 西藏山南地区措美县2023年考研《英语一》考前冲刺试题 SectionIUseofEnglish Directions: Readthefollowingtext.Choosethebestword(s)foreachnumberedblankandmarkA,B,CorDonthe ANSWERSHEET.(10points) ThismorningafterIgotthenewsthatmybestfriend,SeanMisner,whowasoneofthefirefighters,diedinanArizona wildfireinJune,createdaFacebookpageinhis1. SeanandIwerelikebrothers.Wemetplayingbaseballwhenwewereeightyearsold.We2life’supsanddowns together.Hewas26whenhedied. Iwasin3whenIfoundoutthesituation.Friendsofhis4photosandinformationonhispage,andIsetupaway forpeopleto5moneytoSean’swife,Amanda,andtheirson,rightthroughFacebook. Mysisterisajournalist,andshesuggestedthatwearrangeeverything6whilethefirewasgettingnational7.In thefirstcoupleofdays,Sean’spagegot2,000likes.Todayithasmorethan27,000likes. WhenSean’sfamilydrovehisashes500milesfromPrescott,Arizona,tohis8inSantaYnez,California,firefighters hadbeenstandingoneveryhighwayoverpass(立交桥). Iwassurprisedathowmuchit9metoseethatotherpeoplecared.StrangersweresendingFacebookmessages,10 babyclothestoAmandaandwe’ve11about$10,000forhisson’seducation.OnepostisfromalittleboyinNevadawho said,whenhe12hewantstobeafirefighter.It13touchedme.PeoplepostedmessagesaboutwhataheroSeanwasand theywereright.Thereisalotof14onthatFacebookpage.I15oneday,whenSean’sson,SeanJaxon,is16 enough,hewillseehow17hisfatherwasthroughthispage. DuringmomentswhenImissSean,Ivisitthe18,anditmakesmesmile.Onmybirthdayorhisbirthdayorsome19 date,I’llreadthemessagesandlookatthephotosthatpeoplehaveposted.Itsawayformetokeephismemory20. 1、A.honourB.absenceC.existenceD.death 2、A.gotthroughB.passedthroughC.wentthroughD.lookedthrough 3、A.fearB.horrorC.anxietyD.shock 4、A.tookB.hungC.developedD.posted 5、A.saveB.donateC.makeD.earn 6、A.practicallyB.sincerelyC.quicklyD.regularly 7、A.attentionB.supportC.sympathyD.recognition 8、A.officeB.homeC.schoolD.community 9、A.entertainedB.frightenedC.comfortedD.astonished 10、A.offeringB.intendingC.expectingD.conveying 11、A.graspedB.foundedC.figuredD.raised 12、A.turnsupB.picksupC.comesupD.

...

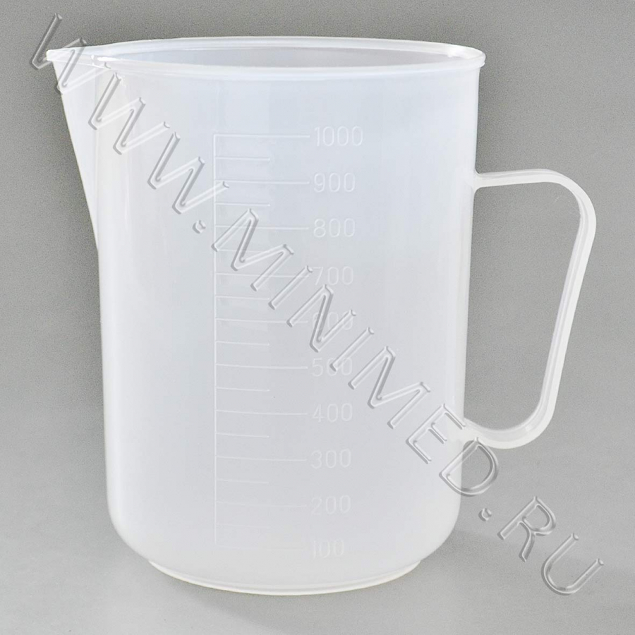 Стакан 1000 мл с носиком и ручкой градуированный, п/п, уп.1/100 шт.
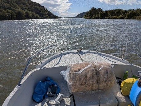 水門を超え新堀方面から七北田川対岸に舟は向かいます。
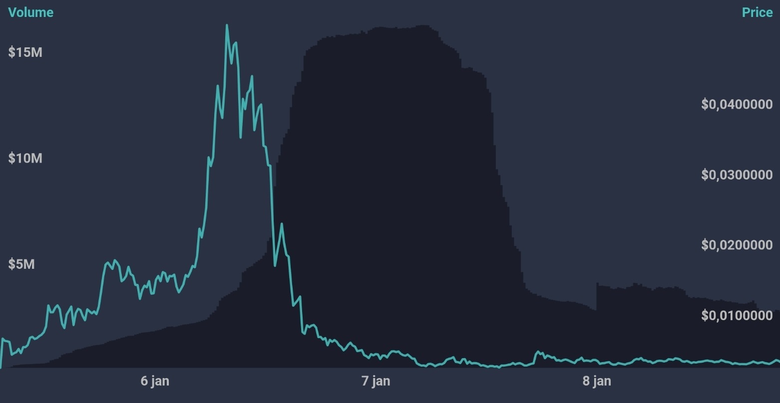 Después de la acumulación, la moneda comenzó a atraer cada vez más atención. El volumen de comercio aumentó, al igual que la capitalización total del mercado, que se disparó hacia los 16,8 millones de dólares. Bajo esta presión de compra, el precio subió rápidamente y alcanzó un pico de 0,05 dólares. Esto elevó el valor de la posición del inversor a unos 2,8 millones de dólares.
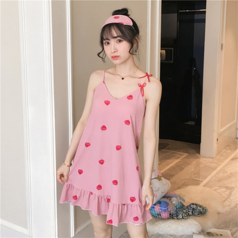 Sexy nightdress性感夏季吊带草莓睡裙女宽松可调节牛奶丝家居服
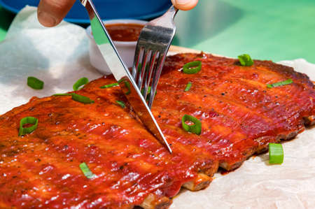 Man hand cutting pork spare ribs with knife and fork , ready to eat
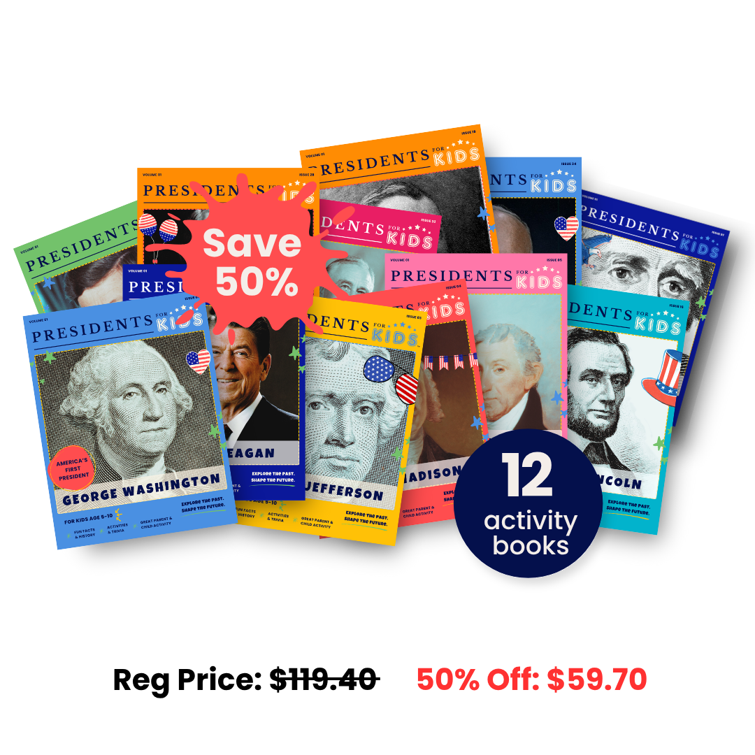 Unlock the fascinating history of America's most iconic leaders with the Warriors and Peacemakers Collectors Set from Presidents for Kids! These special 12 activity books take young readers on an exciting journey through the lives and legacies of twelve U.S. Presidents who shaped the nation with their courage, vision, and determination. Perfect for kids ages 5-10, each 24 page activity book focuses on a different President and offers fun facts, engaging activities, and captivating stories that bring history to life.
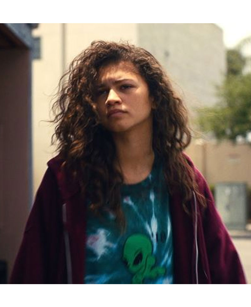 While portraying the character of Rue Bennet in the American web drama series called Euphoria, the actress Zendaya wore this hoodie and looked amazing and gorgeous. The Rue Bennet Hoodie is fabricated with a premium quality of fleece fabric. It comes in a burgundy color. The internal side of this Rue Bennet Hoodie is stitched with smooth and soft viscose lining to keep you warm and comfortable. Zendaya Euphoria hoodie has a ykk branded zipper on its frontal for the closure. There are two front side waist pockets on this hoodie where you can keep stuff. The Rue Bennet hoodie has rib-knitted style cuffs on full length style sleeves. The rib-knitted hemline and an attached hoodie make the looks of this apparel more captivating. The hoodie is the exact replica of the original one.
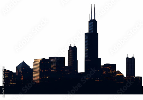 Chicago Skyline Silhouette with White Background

==

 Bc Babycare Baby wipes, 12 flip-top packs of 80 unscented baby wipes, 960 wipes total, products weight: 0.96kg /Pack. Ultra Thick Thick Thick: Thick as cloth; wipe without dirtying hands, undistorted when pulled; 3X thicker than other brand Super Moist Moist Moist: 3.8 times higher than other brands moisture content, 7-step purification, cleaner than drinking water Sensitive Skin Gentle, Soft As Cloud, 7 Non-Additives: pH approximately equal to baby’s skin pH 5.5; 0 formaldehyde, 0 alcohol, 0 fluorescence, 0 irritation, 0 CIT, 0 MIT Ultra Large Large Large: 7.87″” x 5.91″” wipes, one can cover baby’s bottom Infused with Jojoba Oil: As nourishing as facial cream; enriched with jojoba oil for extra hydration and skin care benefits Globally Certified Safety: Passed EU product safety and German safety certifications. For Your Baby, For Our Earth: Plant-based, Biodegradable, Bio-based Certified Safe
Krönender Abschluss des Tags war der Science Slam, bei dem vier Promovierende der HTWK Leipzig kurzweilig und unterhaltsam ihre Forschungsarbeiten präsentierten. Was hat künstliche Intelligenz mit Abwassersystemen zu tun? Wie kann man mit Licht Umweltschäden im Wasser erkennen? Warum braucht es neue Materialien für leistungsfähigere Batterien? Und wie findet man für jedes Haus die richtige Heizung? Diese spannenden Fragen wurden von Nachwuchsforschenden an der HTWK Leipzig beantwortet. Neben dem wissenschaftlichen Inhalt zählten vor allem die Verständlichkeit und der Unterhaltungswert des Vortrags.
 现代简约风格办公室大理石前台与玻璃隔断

▸ WORK TASK: The entries above hold a line with "Krönender Abschluss des" and a later line with "现代简约风格办公室大理石前台与玻璃隔断". Write out exactly those lines and all lines between, nothing more.

▸ REPLY TO THE TASK:
Krönender Abschluss des Tags war der Science Slam, bei dem vier Promovierende der HTWK Leipzig kurzweilig und unterhaltsam ihre Forschungsarbeiten präsentierten. Was hat künstliche Intelligenz mit Abwassersystemen zu tun? Wie kann man mit Licht Umweltschäden im Wasser erkennen? Warum braucht es neue Materialien für leistungsfähigere Batterien? Und wie findet man für jedes Haus die richtige Heizung? Diese spannenden Fragen wurden von Nachwuchsforschenden an der HTWK Leipzig beantwortet. Neben dem wissenschaftlichen Inhalt zählten vor allem die Verständlichkeit und der Unterhaltungswert des Vortrags.
 现代简约风格办公室大理石前台与玻璃隔断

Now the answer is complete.